As you approach 60% of that limitation, you should start planning for multiple databases, whether they are also PostgreSQL or not. At about 80% of capacity, you should execute that plan. The plan is to stay in the single system solution as long as possible, but have a plan to get out of it if you outgrow it. The vast majority of systems will never outgrow the single system. This is an experience value, but after 24 years of PostgreSQL experience, it seems to be a pretty safe one.
After all that, this discussion was to determine which solutions fit in the PostgreSQL box. The answer to that question is all of them, to a point. And some of them still fit after that point. By the time you get there, which ones are appropriate will become apparent.
Looking for 24/7 Expert Support for PostgreSQL? Get in Touch!
Design Doesn’t Include Optimization
Please don’t succumb to the error of premature optimization at the database level. This is a concept borrowed from software development, where a developer tunes a function or service for theoretic scalability, but then in practice the actual data patterns don’t work out the way the developer imagined. This leads to wasted time and effort put forth in the initial coding effort, that is later thrown in the trash when the real usage pattern appears or the requirements change.
The database development version of this is to agonize over scalability without a usage pattern. Just design what the diagram calls for, and leave it at that. When the data comes in, there are methods to scale in flight that are very effective for a very long time. When you see a pattern emerge, design towards it.
This also includes index design. Useless indexes in PostgreSQL are costly. Don’t just throw indexes at every likely column and hope for the best. It won’t be the best and can be worse than nothing at all.
Optimization Doesn’t Include Design
PostgreSQL is best tuned using actual data in the field, at size. By that I mean that the PostgreSQL query engine considers indexes, partitions, and other elements with sizes. A small table that fits in memory may not need any indexes at all, and a large one may not profit from them. It is all firmly engraved in Jell-O, and depends largely on the traffic pattern.
This is an advanced skill that requires some observation time in the field to adjust. The good news is that these adjustments can be made to a running system with minimal impact to service delivery.
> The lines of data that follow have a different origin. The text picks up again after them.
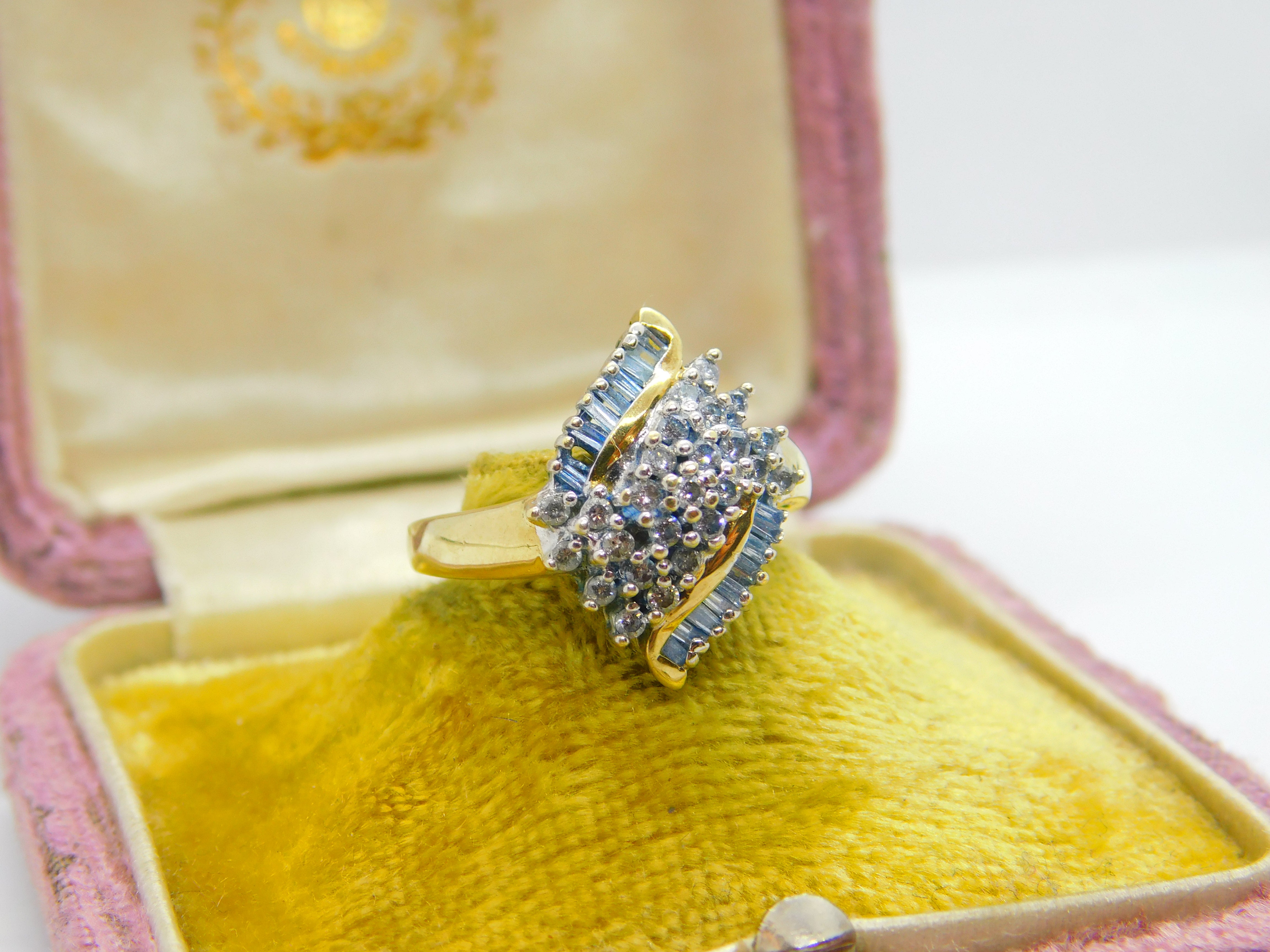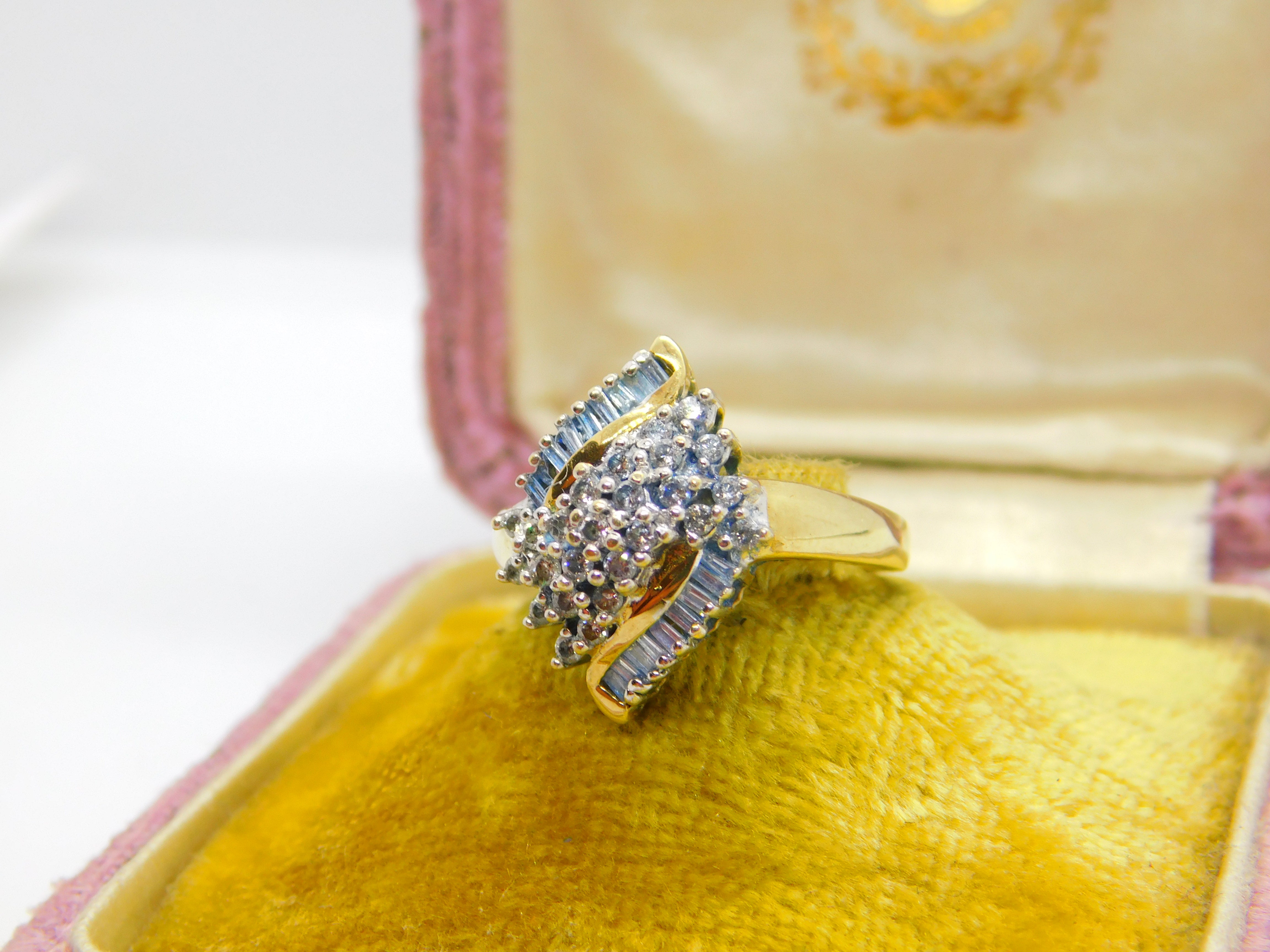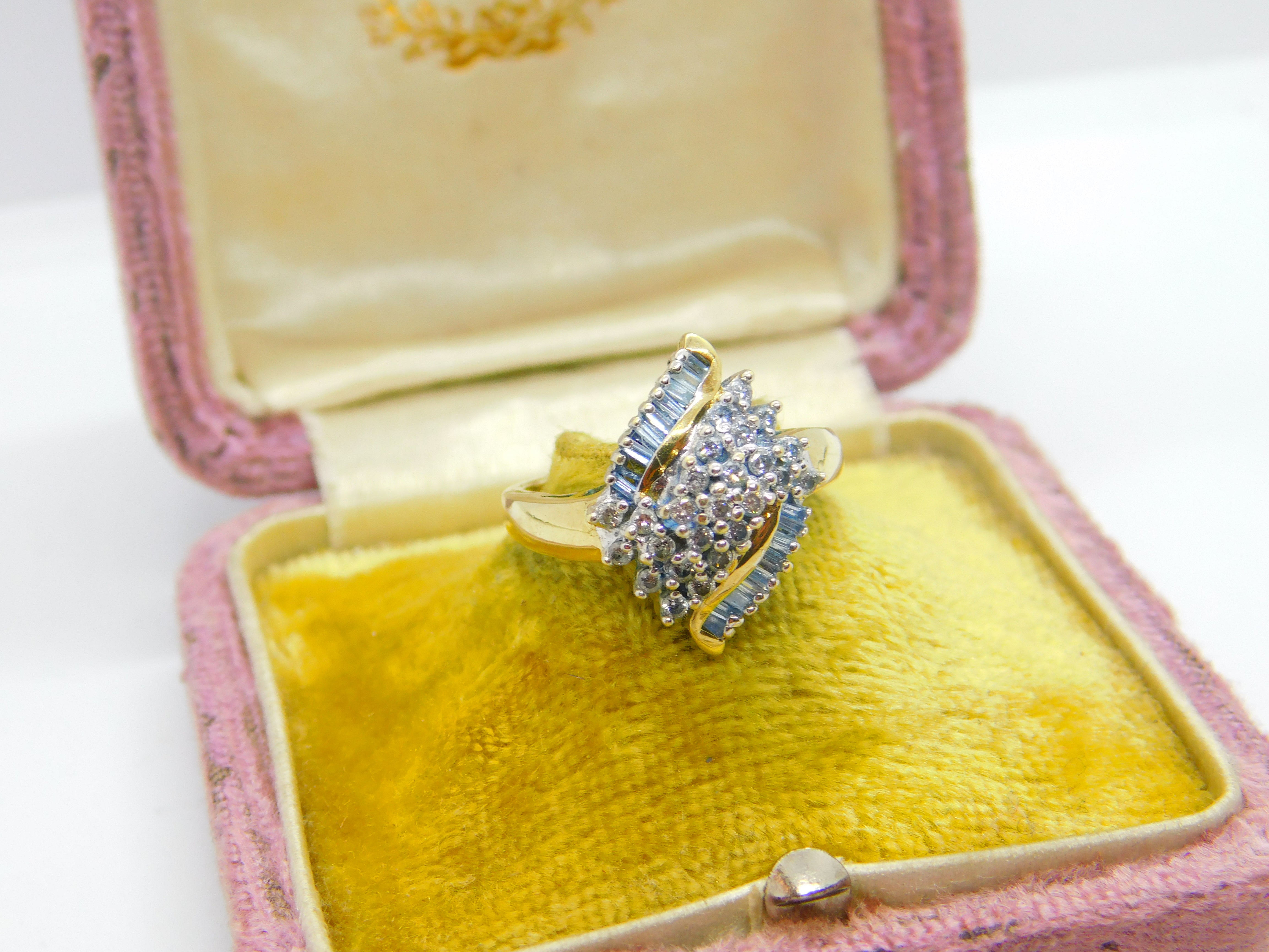 Details: A fantastic and wonderfully designed vintage 9ct yellow gold modernist cluster ring set with both rose cut and baguette cut diamonds hallmarked Birmingham 2002 to the interior. All the stones test as diamonds - a large quantity unsure of exact carat weight. This is a wonderful item that would make a perfect gift or addition to any collection. The BOX pictured is for PRESENTATION ONLY and is NOT included in the listings but used to frame the pictures unless specifically stated otherwise.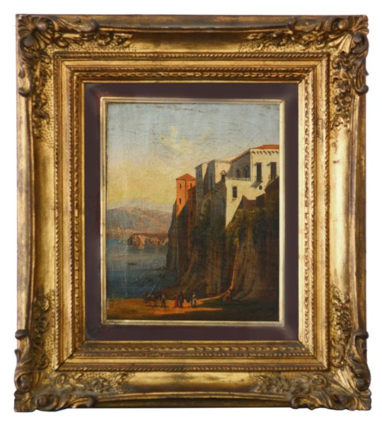 Ignoto del XIX Secolo "Costiera Amalfitana" olio su tela (cm 33x27) Reca iscrizione G.Gigante in basso a destra. In cornice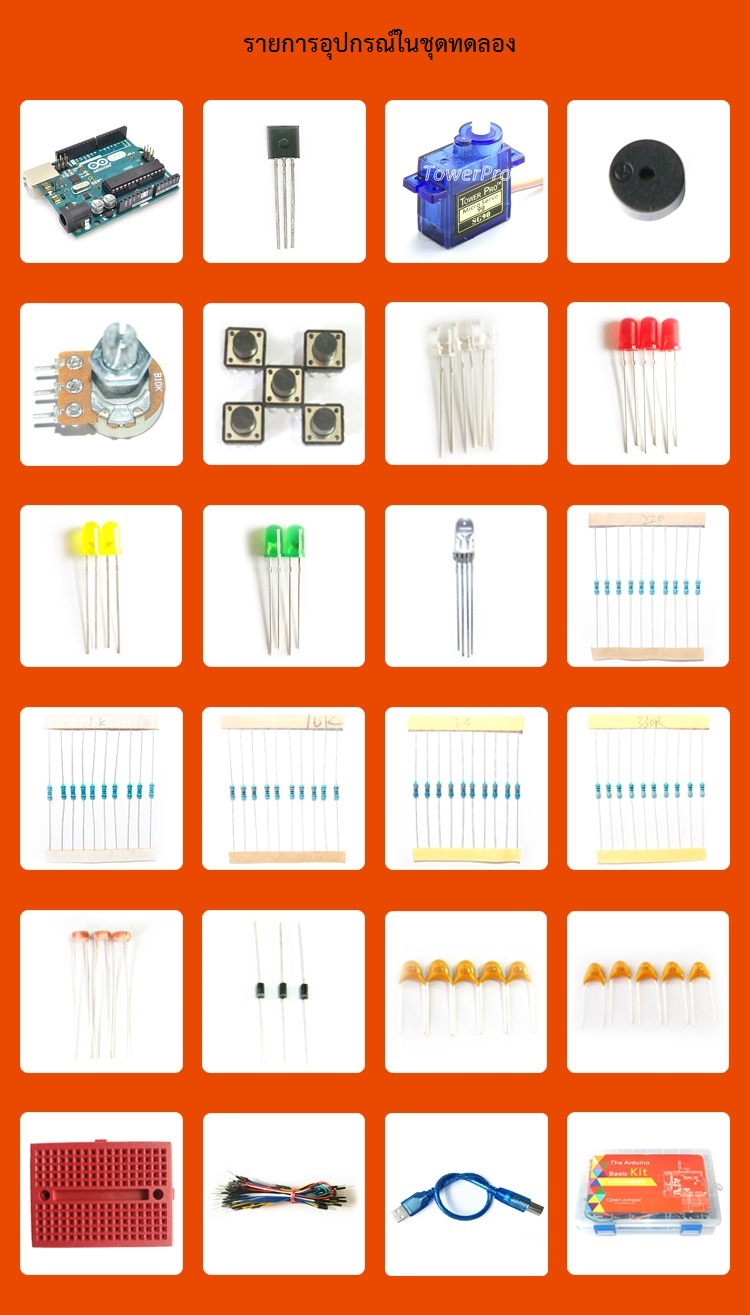Arduino Basic Kit ชุดนี้ใช้บอร์ด Arduino UNO R3 ของแท้ แต่เป็นเวอร์ชั่นสำหรับคนจีน (chinese version) โดยมีอุปกรณ์ในชุดทั้งหมด 24 ชิ้น

They are designed that way because the engineering model of PostgreSQL architecture requires it to be so.
PostgreSQL Use Cases Are Growing
Use cases for PostgreSQL are growing exponentially over time. That is, the number of applications that PostgreSQL can target is becoming greater as time goes by, and (more importantly) the number of applications that it can’t target is going down.
Two decades ago, it would have been reasonable to say that PostgreSQL was appropriate for OLTP solutions with a few megabytes of data. Now that target market includes OLTP, ETL/ELT, OLAP, ODS solutions, and much more. Now, it is easier to say what kind of applications PostgreSQL does **not** target, such as seismic data processing or the NYSE. But these corner cases are becoming fewer and fewer, almost to a vanishing point.
As PostgreSQL use cases grow, so do the professional opportunities for those who take the time to learn it. If you’re in development or database administration and haven’t yet learned PostgreSQL, this is an exciting time to dig in and see what it can do for your projects (and your career).